Di kampung halaman Prajogo bekerja menjadi sopir angkot. Prajogo mengawali bisnis pada 1960-an, di mana nasibnya berubah saat bertemu dengan pengusaha kayu asal Malaysia, Bon Sun On tau Burhan Uray.
Pertemuan dan hubungannya dengan Burhan Uray membuat Prajogo akhirnya memiliki karier di PT Djajanti Group pada 1969. Sektitar tujuh tahun kemudian, Burhan mengangkat Prajogo menjadi general manager (GM) di pabrik Plywood Nusantara, Gresik, Jawa Timur.
Hanya setahun berkarier di PT Djajanti Group, Prajogo Pangestu memulai bisnis kayu pada akhir 1970-an. Demikian dikutip dari Forbes, saat itu Prajogo mencoba pinjaman dari bank, dia membeli CV Pacific Lumber Coy yang kala itu sedang mengalami kesulitan keuangan. Kemudian perusahaannya berganti menjadi PT Barito Pacific Lumber.

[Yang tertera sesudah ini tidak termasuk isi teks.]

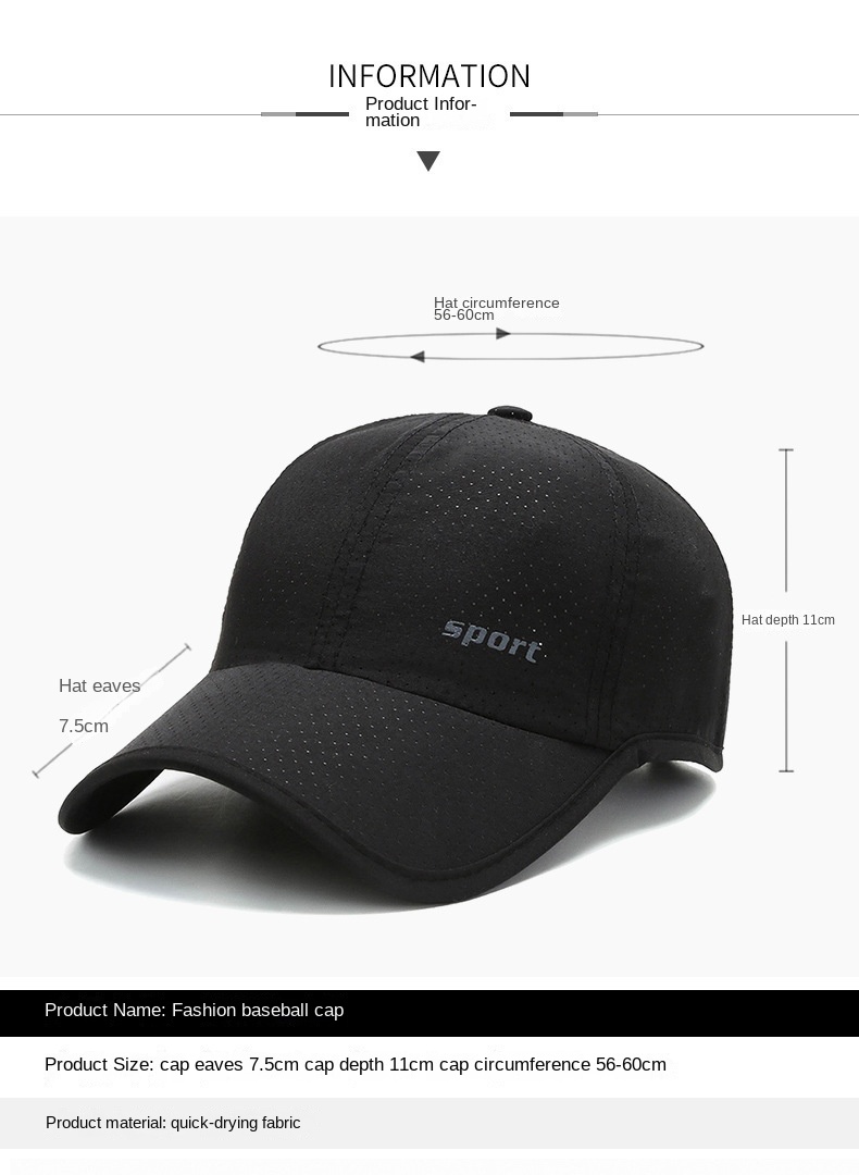 Summer Lightweight Quick-Dry Duckbill Cap with English Letters, Suitable for Summer, Round Top, Big Brim, Breathable, Quick-Dry, Sun Protection

Kemudian, perusahaannya go public pada 1993 dan berganti nama menjadi Barito Pacific setelah mengurangi bisnis kayunya pada 2007.

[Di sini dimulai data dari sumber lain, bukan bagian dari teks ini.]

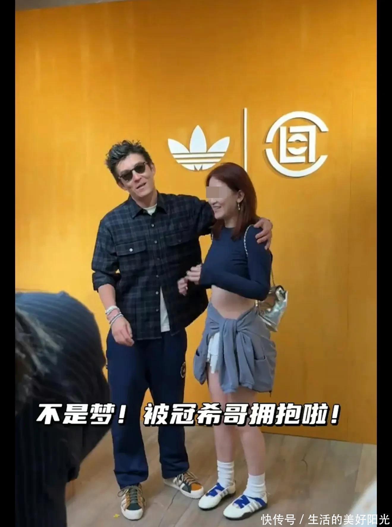 这位女网友看着大概二十来岁,自己说平时是做潮流博主的,在小红书上有差不多2000个粉丝。当天她穿了件紧身露腰上衣,配着超短裙,看着很青春,身材也很惹眼。她排了好久的队才进店里见到偶像,当时陈冠希也穿得很潮,还戴着墨镜,有人说他的发型看着有年轻时的感觉,颜值简直像回到了巅峰时期。面对这位年轻女粉丝,陈冠希主动伸出左手搭在她的肩膀上,很有男子气概地把她往自己结实的胸膛带,最后两人紧紧贴在一起,互相用手抱着对方,画面看着特别亲密。女网友也马上伸手抱住了陈冠希的腰,能看出来两人对这次拥抱都特别开心。

Kini bisnis Prajogo meluas, gurita bisnis Prajogo tidak hanya di industri perkayuan, bisnisnya meluas berkembang luas di bidang petrokimia, minyak sawit mentah, hingga properti. Buktinya pada 2007 Barito Pacific mengakuisisi 70% dari perusahaan petrokimia Chandra Asri, yang sahamnya diperdagangkan di Bursa Efek Indonesia (BEI).

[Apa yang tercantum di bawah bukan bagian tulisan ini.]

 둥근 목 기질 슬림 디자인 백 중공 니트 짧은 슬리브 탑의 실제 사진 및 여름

Pada 2011, Chandra Asri bergabung dengan Tri Polyta Indonesia dan menjadi produsen petrokimia terintegrasi terbesar di Indonesia. Thaioil mengakuisisi 15% saham Chandra Asri pada Juli 2021. Mereka disebut akan memulai mengembangkan situs petrokimia kedua pada 2022.
Gebrakan terbaru dari Prajogo baru-baru ini adalah dia membeli 33,33% saham Star Energy dari BCPG Thailand seharga US$ 440 juta atau sekitar Rp 6,29 triliun (kurs Rp 14.300/dolar AS). Kabarnya, Prajogo membeli saham Star Energy itu ini melalui salah satu perusahaan swasta yang dimiliki, Green Era.
Prajogo memiliki saham di Star Energy 66,6%. Oleh sebab itu, melalui akuisisi 33,33% saham Star Energy tersebut, kini Prajogo mempunyai kepemilikan penuh atas Star Energy yang memiliki tiga proyek panas bumi di Indonesia. Tiga proyek panas bumi Star Energy yang dimaksud adalah PLTP Wayang Windu, PLTP Salak, dan PLTP Darajat di mana semuanya berada di Jawa Barat.